Mplus是一款统计建模程序,给研究人员提供了一个灵活的分析数据的工具。Mplus界面简单、数据和分析结果以图形显示,为研究人员提供广泛的模型、估计和算法的选择。Mplus允许进行横截面和纵向、单级和多级数据分析;来自不同人群的观测数据或未观测到的异质性数据,以及包含缺失值的数据都可以进行分析。可以对连续、删失、二进制、有序分类(序数)、无序类别(计数)、计数或这些变量类型的组合观测变量都可以进行分析。此外,Mplus还具有广泛的蒙特卡罗模拟功能,程序中包含的任何模型,都可以生成和分析数据。

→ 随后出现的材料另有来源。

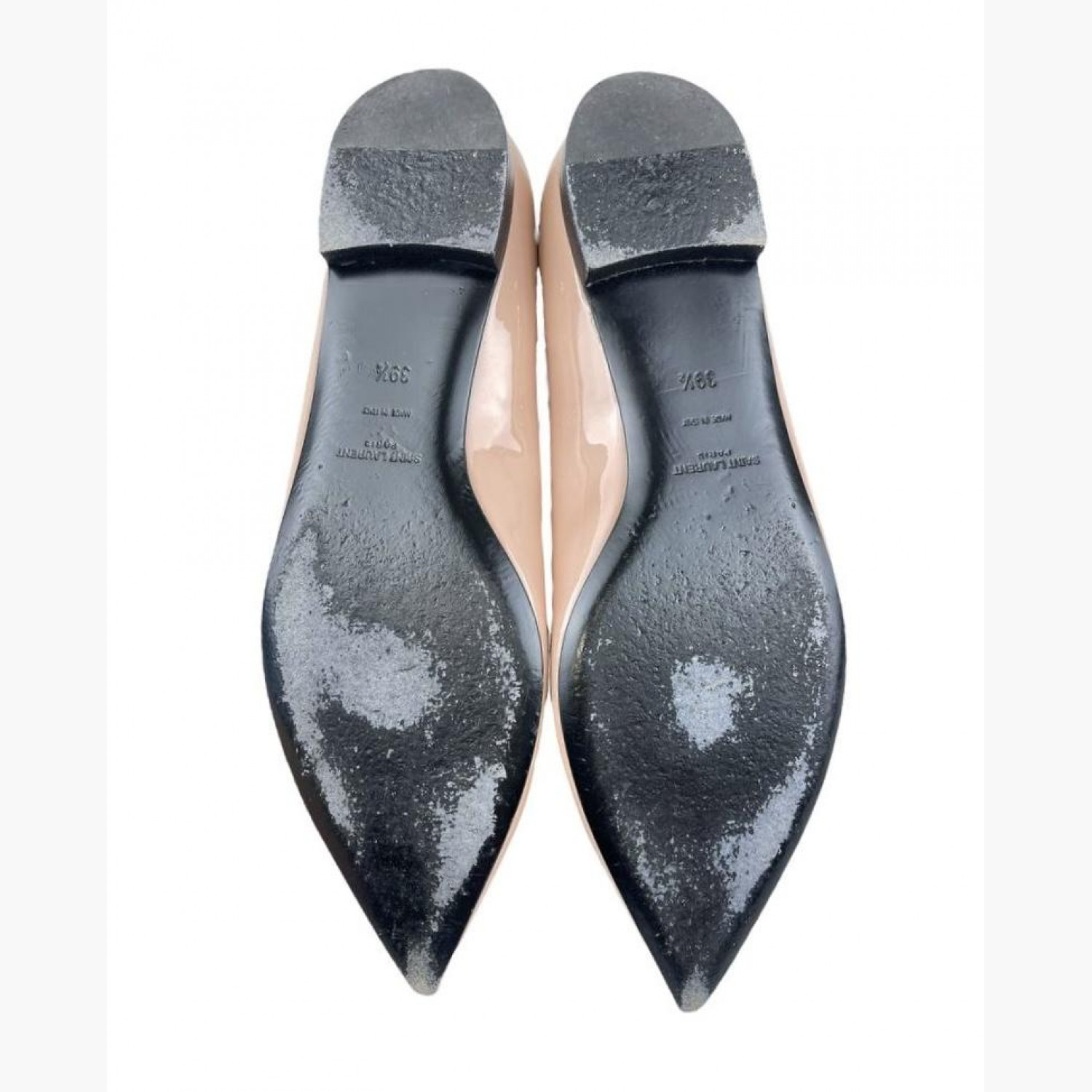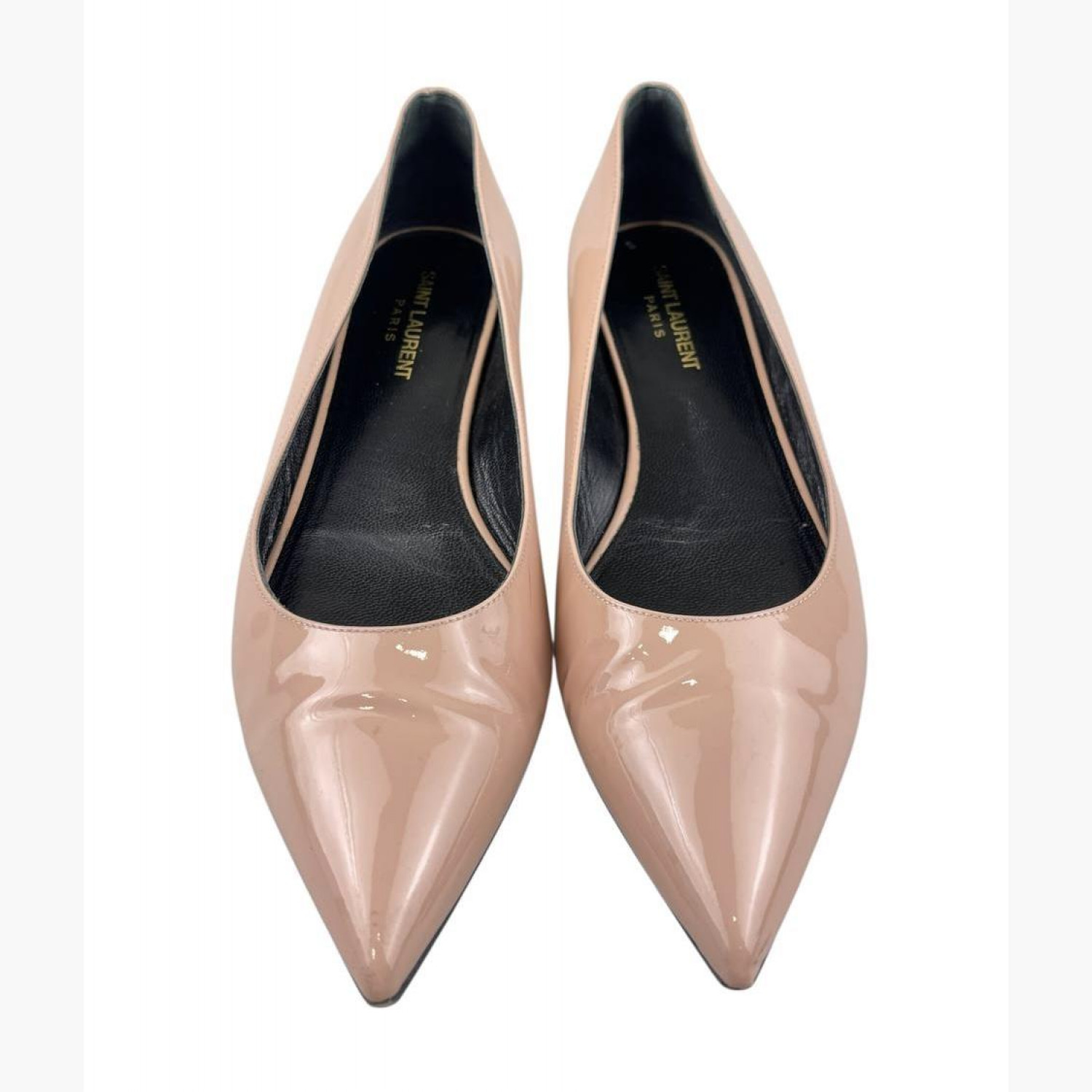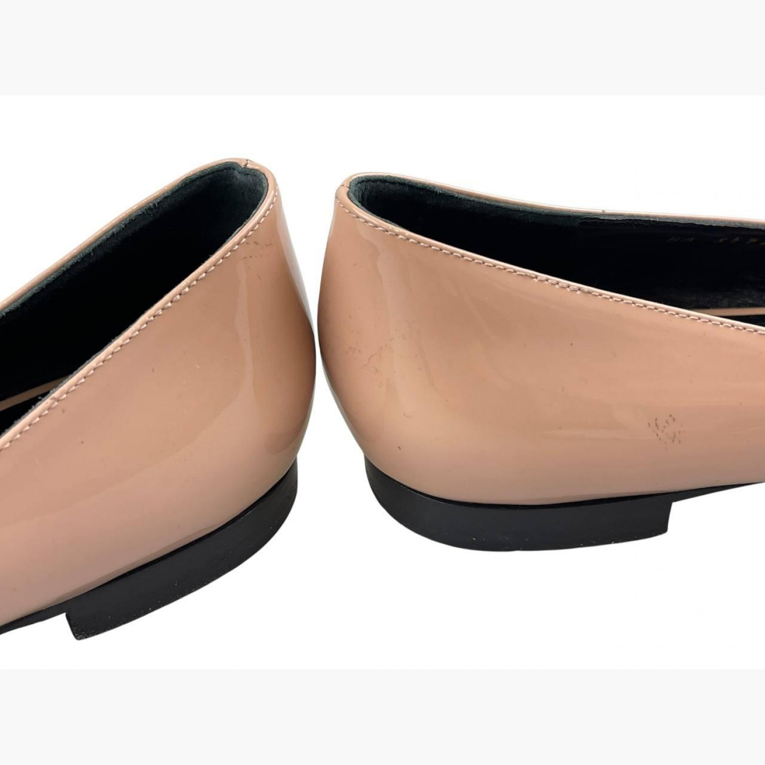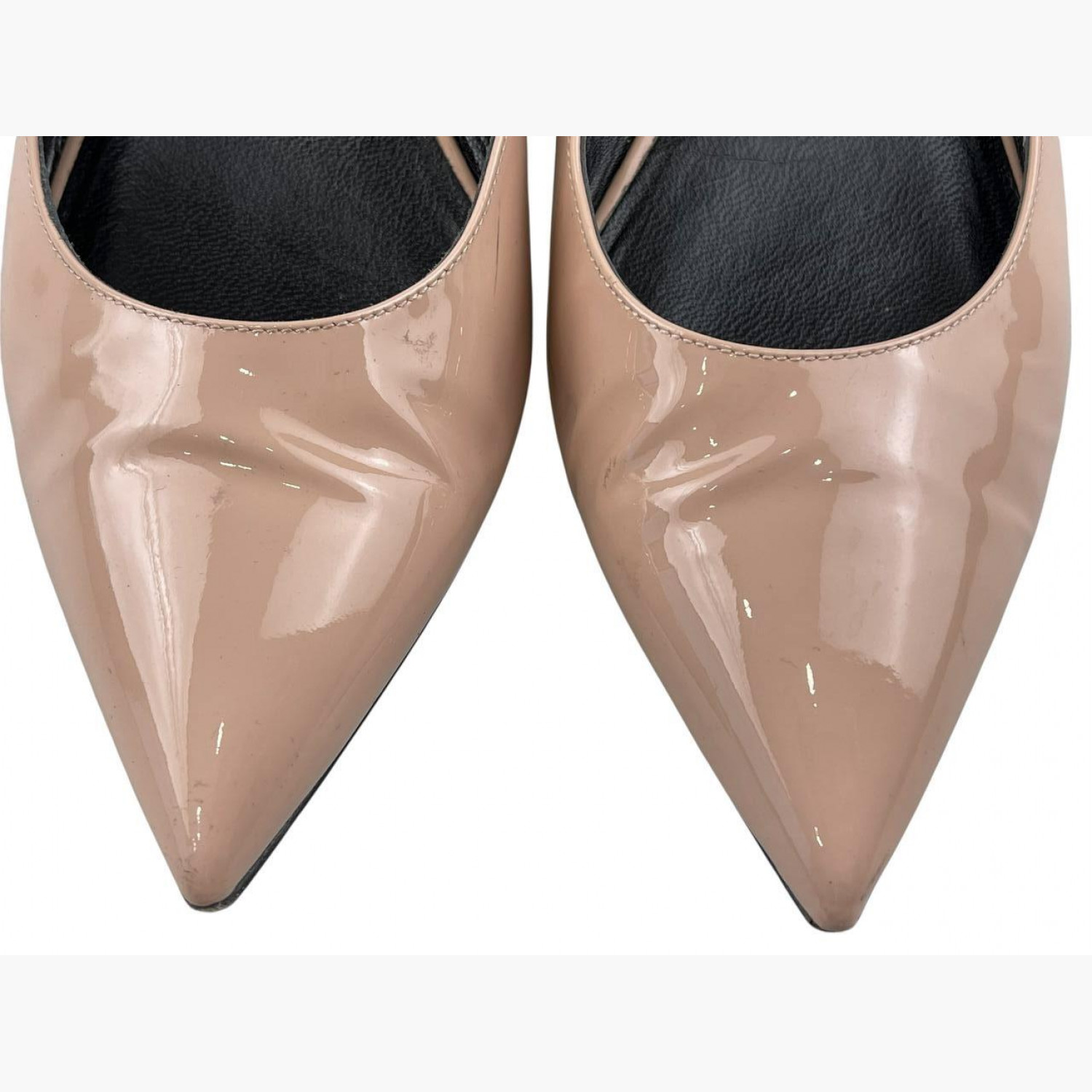 Бежевые лодочки с острым носком. В хорошем состоянии, есть потёртости.
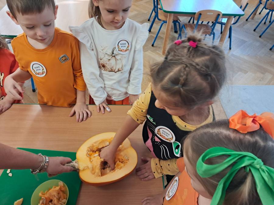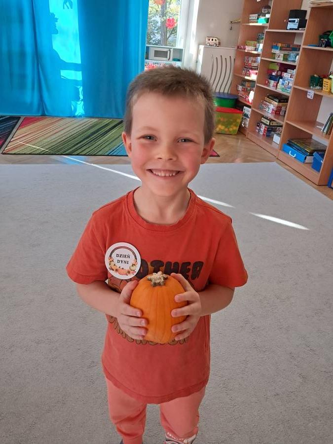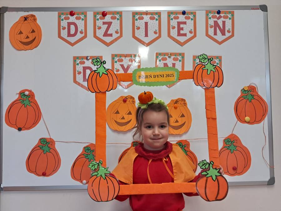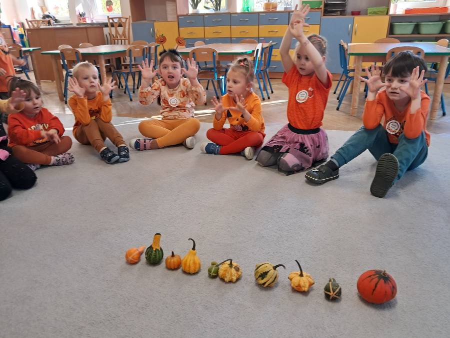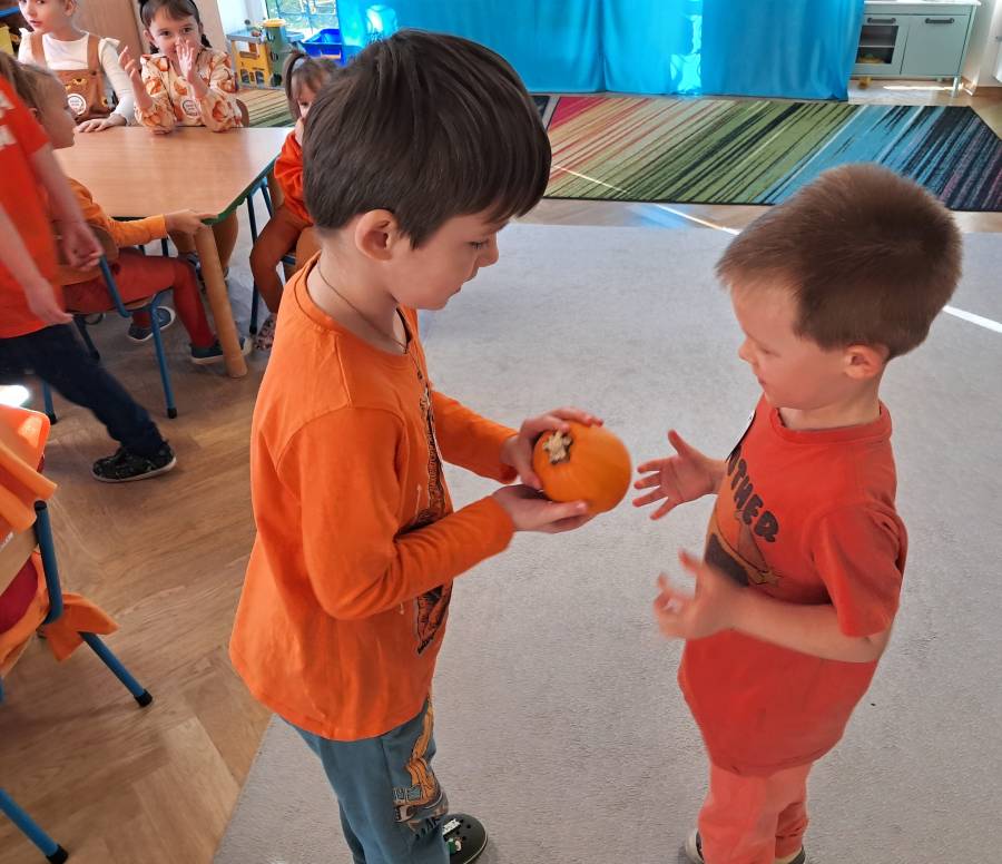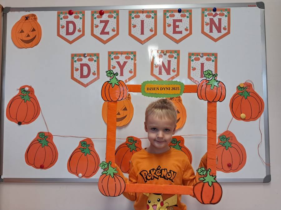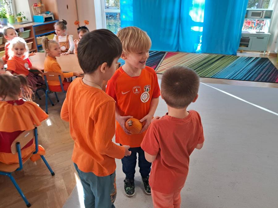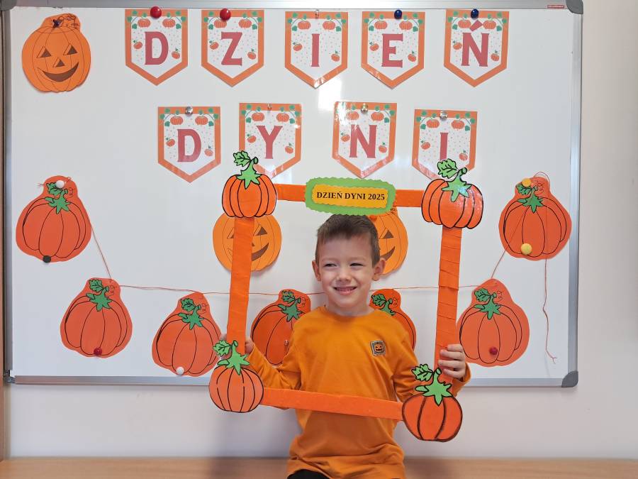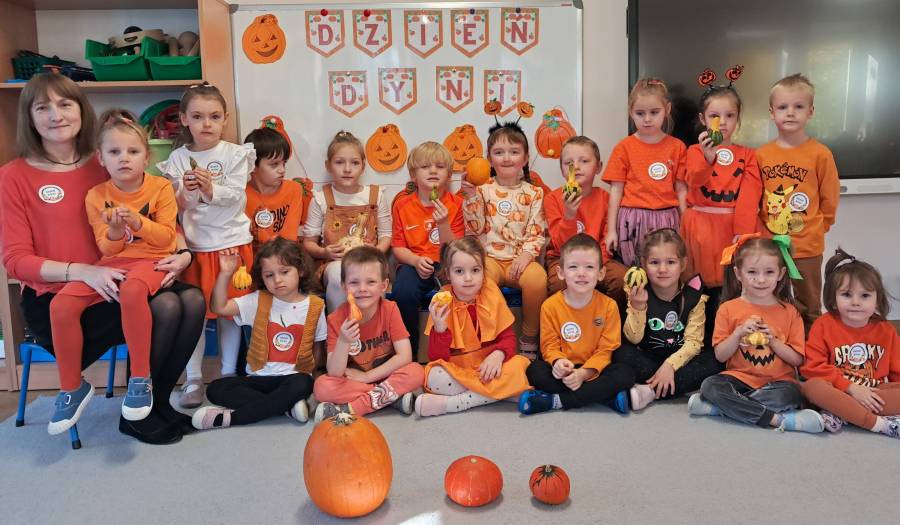 Dynia to bardzo zdrowe, wdzięczne i fajne do zabawy warzywo przekonały się o tym Żabki w piątek 31października 2025 w czasie obchodów Dnia Dyni. W tym dniu dzieci przyszły ubrane na kolor pomarańczowy, dowiedziały się jakie potrawy można przygotować z wykorzystaniem dyni. Przedszkolaki uczestniczyły w zabawie dyniowej opartej na muzyce i ruchu Wędrująca dynia, dopasowywały cienie dyń, miały możliwość zobaczyć jak wygląda dynia w środku i wyciągać jej zawartość. Ten dzień był pełen wrażeń i radości.
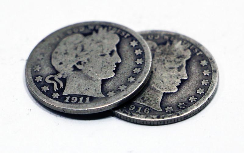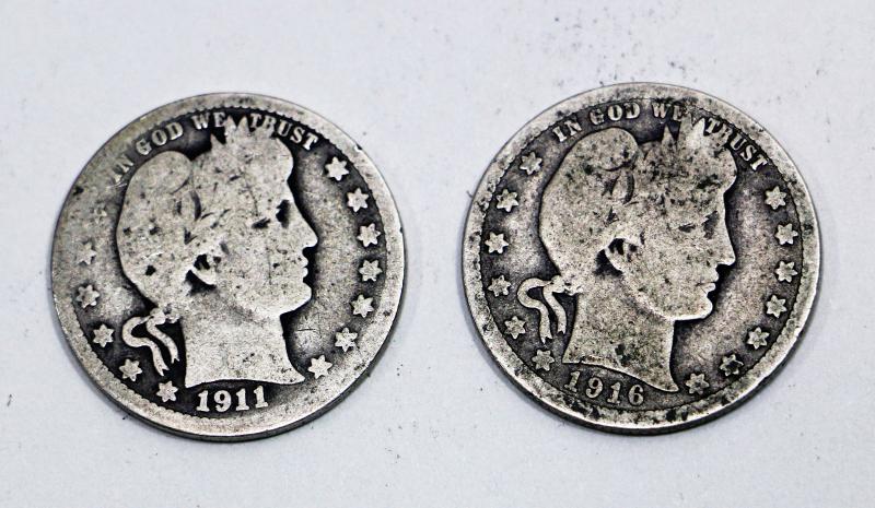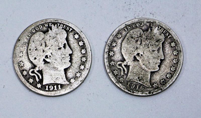 1904 & 1907 Silver Barber Quarter Doallars Set - 2 Rare American Coins #501-06
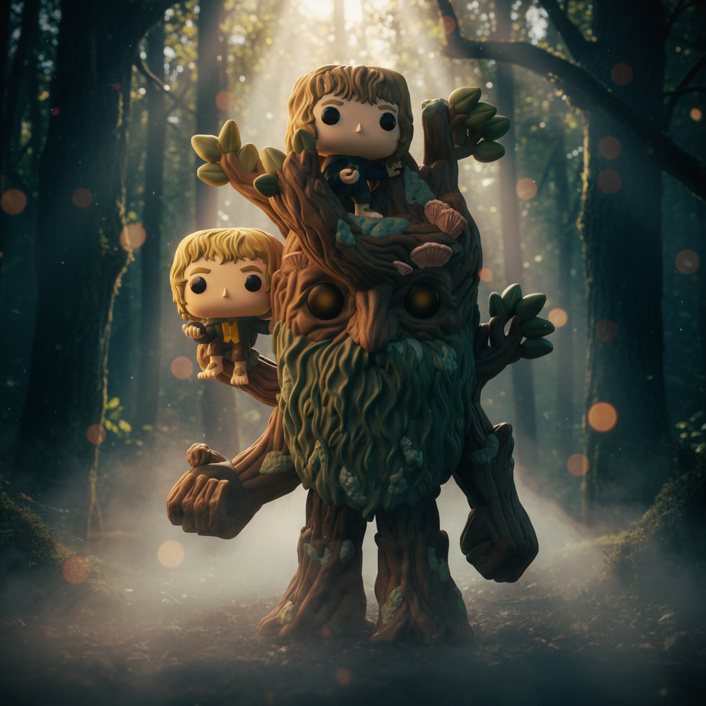Herr der Ringe Supergroßer POP! Vinylfigur Baumbart mit Maria und Pip 15 cm
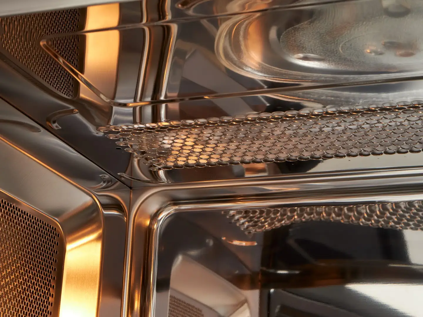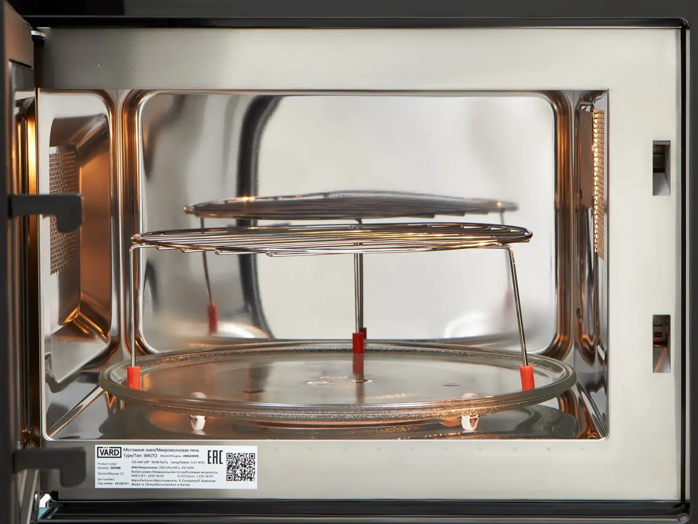 Нержавеющая сталь — безопасный и экологичный материал, который не впитывает посторонние запахи и не подвержен сколам. В такой камере равномернее распределяются микроволны, что позволяет ускорить процессы разогрева или приготовления блюд.
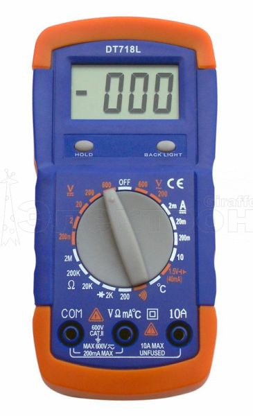 Мультиметр DT718L имеет ЖК-дисплей разрядностью 3 1/2 (макс. значение - 1999).
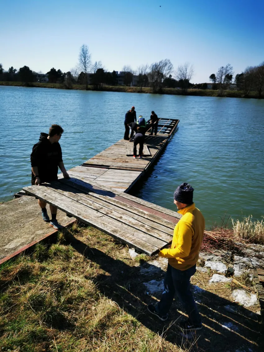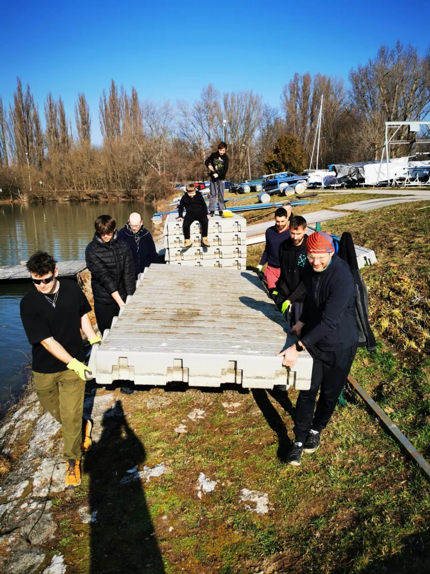 7. marca sme spoločne položili naše šedé veslárske mólo, aby mohli deti začať opäť chodiť na vodu a postupne sa pripravovať na tréningy na Sĺňave. Popritom sme úplne vypratali našu posilňovňu, aby sa počas nasledujúceho týždňa mohla dokončiť jej rekonštrukcia.
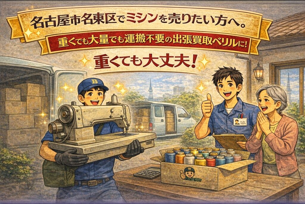 名古屋市名東区でミシンを売ろうと考えたとき、多くの方が最初につまずくのが 「売りたい気持ちはあるのに、実際の行動に移せない」という壁です。 ミシンは小さな家電のように見えて、実際には重さ・大きさ・壊れやすさを兼ね備えた、 非常に扱いづらいアイテム。 そのため、名東区でも「いつか売ろう」「時間ができたら」と思いながら、 何年も保管したままになっているケースが少なくありません。

Mplus的建模框架借鉴了潜变量的统一主题。而且一般的建模框架来自连续和分类潜变量的使用。连续潜变量用于表示与未观测到的构造相对应的因素,随机效应与发展中的个体差异相对应,随机效应与分层数据中各组间系数变化相对应,弱点对应于生存时间的异质性,责任与疾病遗传易感性相对应,潜在响应变量值与缺失数据相对应。分类潜变量对应于均质个体群,潜在的轨迹分类对应于未观测种群的发展类型,混合组件对应于未观测种群的有限混合,潜在响应变量类别对应于缺失数据。


Mplus建模框架
建模数据的目的是以简单的方式描述数据结构,便于理解和解释。本质上,数据建模相当于指定变量之间的一组关系。下图表示了在Mplus建模中的关系类型。矩形表示观测变量,观测变量可以是结果变量或背景变量。背景变量为X,连续和截尾结果变量为y,二元、有序范畴(序数),无序分类(名词)和计数结果变量为u。圆圈代表潜变量。允许连续变量和类别变量,连续潜变量为f,分类潜变量为c。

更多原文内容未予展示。